Предводитель слегка покраснел.

— Ты говоришь, Александр, с легкостью об этом, потому что ничего в этом не смыслишь, брат, не прогневайся, — сказал он с досадой.

— Да ведь скука там, душа моя... Ничего вообразить себе нельзя. Париж — понятно, что такое; английская деревенская жизнь тоже; ну, Италия, Испания, Америка, Индия... Знаешь, что тебя ждет там, хоть приблизительно. Можно ждать опасности, лишений, горя, но не скуки, а все эти Дравы, Савы, Моравы... Никакого, кажется мне, в них характера нет.

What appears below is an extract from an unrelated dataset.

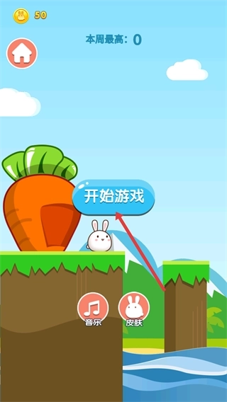 进入对应界面后,会看到【50】的数值以及【本周最高-0】的显示,点击【开始游戏】即可启动关卡,此外还能通过【音乐】和【皮肤】选项来调整相关设置。

— Это все равно, что суждение французов о России, точь-в-точь! Такая же пустота с кондачка. Признайтесь оба, что вы даже читать себе не дали труда об этих краях, а судите... Противен тебе Баумгартен, когда он говорит, что гораздо приятнее в Nancy или Celestа играть в шахматы в кофейной с каким-нибудь скотиной мэром, чем гулять в троицком бору? Ведь небось сволочью считаешь его, когда он это говорит, не зная ничего про Россию. Так и не врите вздору о том, в чем ни зги не видите... То-то! какие-то светские сапожники — вот что вы!

Предводитель так редко сердился, а младший брат так привык уважать его с детства, что не отвечал на это ни слова...

— Да и я плохо об них знаю, сознаюсь, — сказал Милькеев задумчиво.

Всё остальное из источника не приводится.